Il governo turco, da parte sua, si è espresso una prima volta per bocca di Erdogan, il quale, a margine del recente vertice del G8 ampliato ai Paesi emergenti, rispondendo alle domande dei giornalisti su Halki, ha detto di non aver ricevuto sulla questione alcuna richiesta da parte dei diretti interessati, cioe il Patriarcato di Costantinopoli.

Ma per capire le vere intenzioni delle autorità turche, indipendentemente da che tipo di governo si trovi al potere, sono importanti le dichiarazioni del ministro Egemen Bagis, responsabile dei rapporti Turchia–UE, il quale ha dichiarato l’altro ieri: “la riapertura di Halki è una questione interna della Turchia”, ovverosia tra i suoi cittadini. Una soluzione, secondo Bagis, va trovata nel contesto della reciprocità con i diritti dei mussulmani (140.000 circa), che vivono nel nordest della Grecia, perché, sebbene cittadini greci, sono secondo Ankara tutti di etnia turca.
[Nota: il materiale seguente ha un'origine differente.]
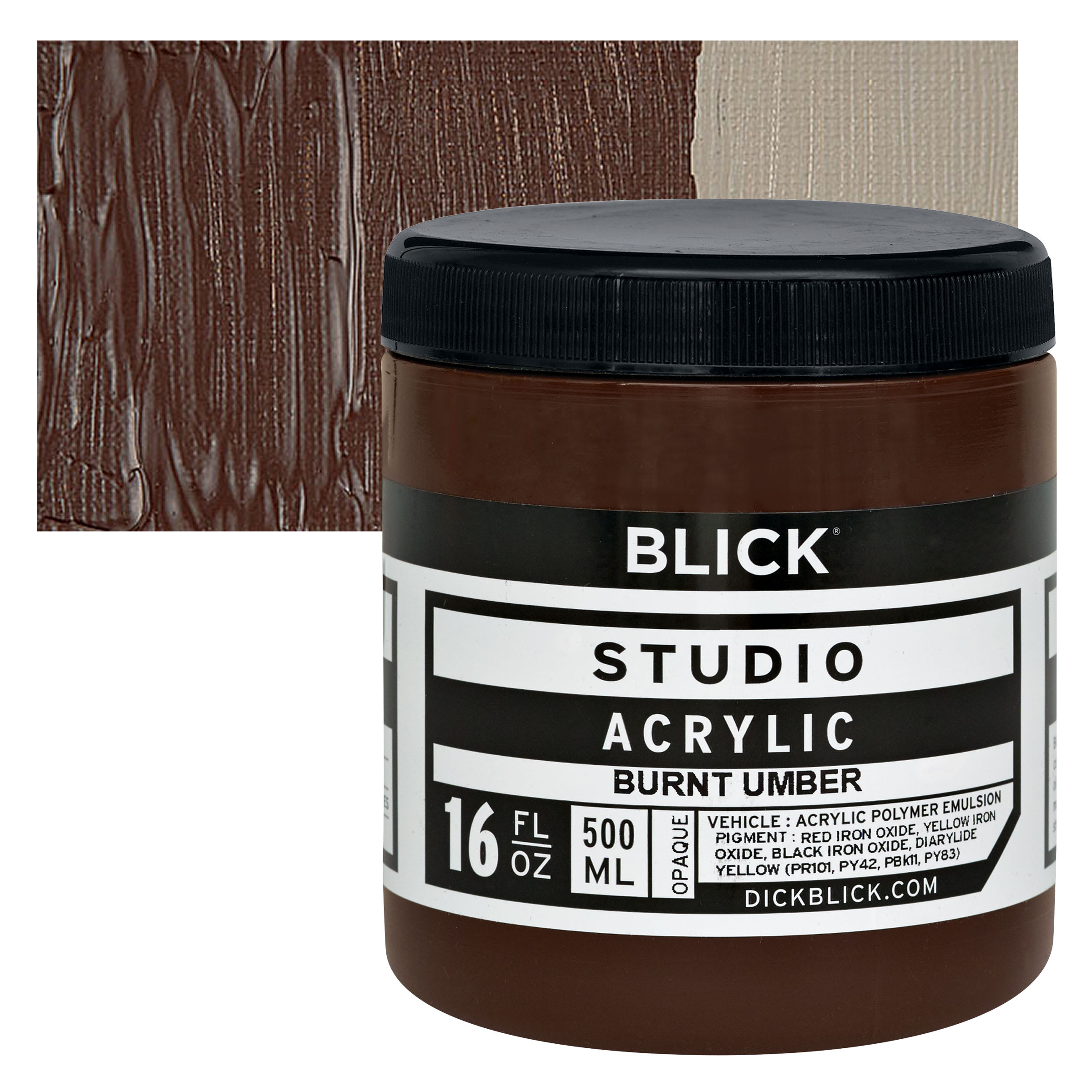 Blick Studio Acrylic Paint - Burnt Umber, 16 oz jar and swatch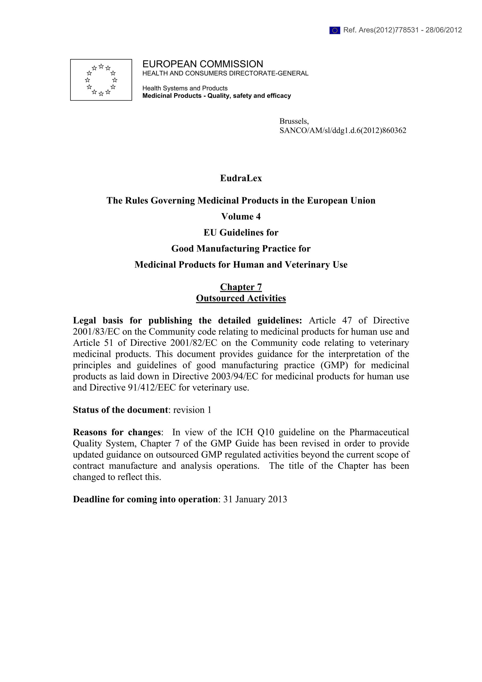 This document provides updated guidance on outsourced GMP regulated activities beyond just contract manufacturing and analysis. It outlines responsibilities for both the contract giver and acceptor. The contract giver is ultimately responsible for ensuring outsourced activities are properly controlled and compliant with GMP. There must be a written contract between the two parties defining their duties and technical arrangements. All outsourced activities, including any subcontracting, must follow regulations and marketing authorizations. Records must be accessible to the contract giver to allow for compliance oversight.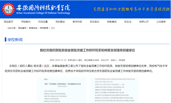 2019年,万象城官网电气技术学院党总支获批全省党建工作标杆院系培育创建单位,信息技术学院软件师生联合党支部获批全省党建工作样板支部培育创建单位
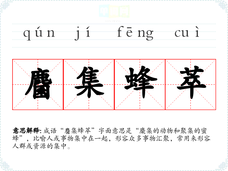 成语“麕集蜂萃”字面意思是“麇集的动物和聚集的蜜蜂”,比喻人或事物集中在一起,形容众多事物汇聚,常用来形容人群或资源的集中。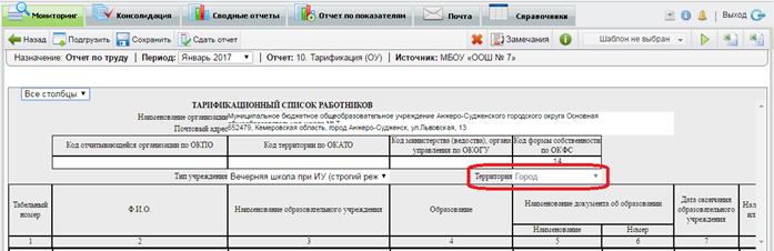 Форма отчета ежемесячная. Период «Январь 2017» необходимо заполнить вручную, а последующие периоды можно подгружать воспользовавшись кнопкой на верхней панели «Подгрузить».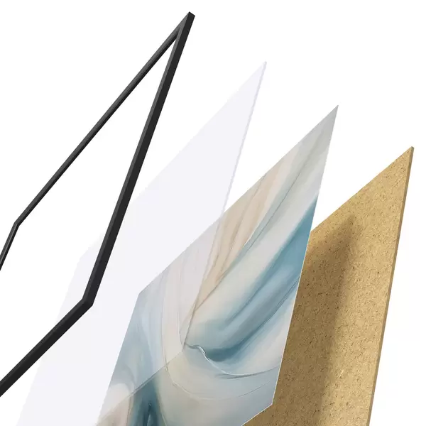 Plakat składa się z ramy, pleksi, wydrukowanego obrazu i podkładu z płyty wiórowej. Plakat można natychmiast zawiesić na ścianie dzięki uchwytom z tyłu.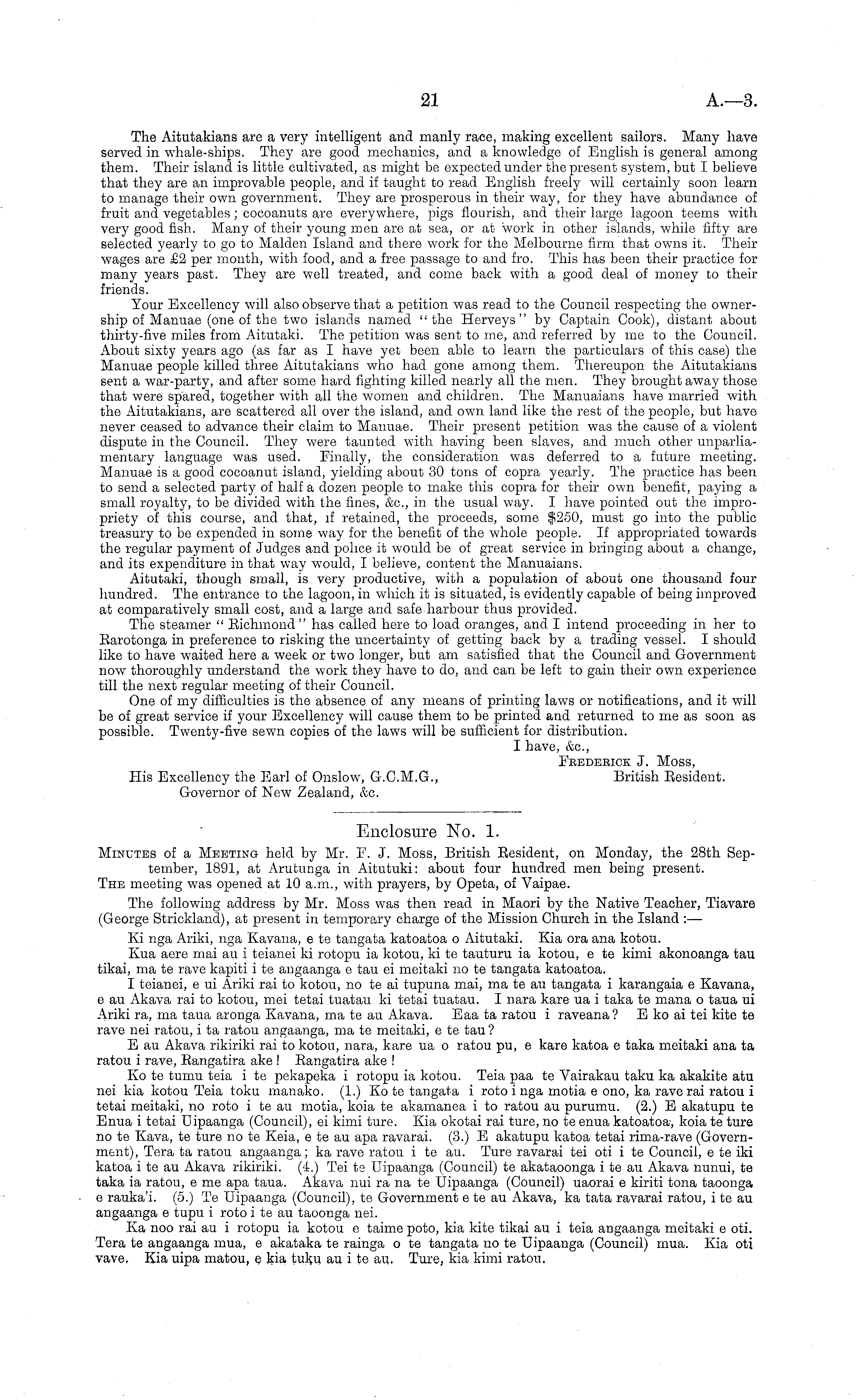 Enclosure No. 1. Minutes of a Meeting held by Mr. F. J. Moss, British Eesident, on Monday, the 28th September, 1891, at Arutunga in Aitutuki: about four hundred men being present. The meeting was opened at 10 a.m., with prayers, by Opeta, of Vaipae. The following address by Mr. Moss was then read in Maori by the Native Teacher, Tiavare (George Strickland), at present in temporary charge of the Mission Church in the Island : — Xi nga Ariki, nga Kavana, etc tangata katoatoa o Aitutaki. Kia ora ana kotou. Kua acre mai au i teianei ki rotopu ia kotou, kite tauturu ia kotou, c te kimi akonoanga tau tikai, ma te rave kapiti i te angaanga c tau ci meitaki no te tangata katoatoa. I teianei, c vi Ariki rai to kotou, no te ai tupuna mai, ma te au tangata i karangaia c Kavana, eau Akava rai to kotou, mci tetai tuatau ki tetai tuatau. I nara kare ua i taka te mana o taua vi Ariki ra, ma taua aronga Kavana, ma te au Akava. Eaa ta ratou i raveana? Eko ai tei kite te rave nei ratou, i ta ratou angaanga, ma te meitaki, c te tau ? E au Akava rikiriki rai to kotou, nara, kare ua o ratou pu, c kare katoa c taka meitaki ana ta ratou i rave, Eangatira ake ! Eangatira ake ! Ko te tumu teia i te pekapeka i rotopu ia kotou. Teia paa te Vairakau taku ka akakite atu nei kia kotou Teia toku manako. (1.) Ko te tangata i roto i nga motia c ono, ka rave rai ratou i tetai meitaki, no roto i te au motia, koia te akamanea ito ratou au purumu. (2.) E akatupu te Enua i tetai Uipaanga (Council), ci kimi ture. Kia okotai rai ture, no te enua katoatoa, koia te ture no te Kava, te ture no te Keia, etc au apa ravarai. (3.) E akatupu katoa tetai rima-rave (Government), Tera ta ratou angaanga; ka rave ratou i te au. Ture ravarai tei oti ite Council, etc iki katoa ite au Akava rikiriki. (4.) Tei te Uipaanga (Council) te akataoonga ite au Akava nunui, te taka ia ratou, cmc apa taua. Akava nui ra na te Uipaanga (Council) uaorai c kiriti tona taoonga c rauka'i. (5.) Te Uipaanga (Council), te Government etc au Akava, ka tata ravarai ratou, ite au angaanga c tupu i roto i te au taoonga nei. Ka noo rai au i rotopu ia kotou c taime poto, kia kite tikai au i teia angaanga meitaki c oti. Tera te angaanga mua, c akataka te rainga o te tangata no te Uipaanga (Council) mua. Kia oti vave. Kia uipa matou, c kia tuku au ite au, Ture, kia kimi ratou.

“Insomma la solita storia”, commenta un anziano docente di storia, greco di Istanbul, Dimitri G., uno degli ultimi dell’ormai sparuta comunità ortodossa della città. “Ogni volta che si pone, durante la visita di capi di Stato ad Ankara, non ultima quella di Obama, la questione di Halki, Ankara, cogliendo impreparati gli interlocutori, pone la questione della reciprocità con la comunità mussulmana in Grecia, e cosi si sorvola su tutto”. “Ma di quale reciprocità si parla?” continua Dimitri G. “In Grecia esiste una comunità di cittadini greci di religione mussulmana di circa 140mila persone, di varia origine etnica: turca, pomaca (slavi convertiti all’ islam) e zingari, che sono in piena fioritura, con moschee e clero, scuole coraniche e attività culturali, secondo i dettami della libertà religiosa. Il tutto finanziato dallo Stato greco e anche dalla UE, perché sono cittadini di uno Stato membro della UE. Ed è giusto così. In Turchia, al contrario, in seguito alle sistematiche epurazioni degli anni passati, da 100mila anime che esistevano nel 1923 – che secondo il trattato di Losana dovevano equipararsi alla minoranza mussulmana della Tracia greca, proprio per il principio di reciprocità numerica, voluto e imposto dalle stesse autorità turche – ci siamo ridotte a malapena a 3mila. Al Patriarcato Ecumenico non è mai stato riconosciuto il suo status storico e deve procurarsi i fondi per proprio conto. I muftì in Grecia sono pubblici impiegati. E, ripeto, è giusto. Pertanto qualsiasi invocazione della reciprocità da parte turca è improponibile, perché sono loro che l’hanno volutamente e sistematicamente calpestata”.

Padre Dositheos, responsabile rapporti esterni del Patriarcato ecumenico, cittadino tedesco, ma greco di Costantinopoli, persona molto stimata negli ambienti internazionali per la sua perspicacia, ha detto in proposito ad AsiaNews: “con tutta questa bagarre che s’è creata sui media attorno all’eventuale riapertura di Halki – magistralmente impostata come al solito si fa con i media in Turchia – c’è il rischio di offuscare l’essenza della questione di fondo, che è molto piu importante. Cioè quella dello status del Patriarcato Ecumenico. Per quanto riguarda Halki, la soluzione è semplicissima: ritornare allo status che c’era sino al 1971. Spetta alle autorità ripristinarla”. Quanto poi alle dichiarazioni del Primo ministro Erdogan di non aver ricevuto alcuna richiesta da parte dei diretti interessati padre Dositheos ha riferito che il patriarca Bartolomeo in occasione delle visite di cortesia compiute nel 2007 sia al presidente Gul che alle altre autorità turche, ha posto certamente tutte le questioni, compresa quella di Halki, e loro “hanno semplicemente detto di aver preso atto..”.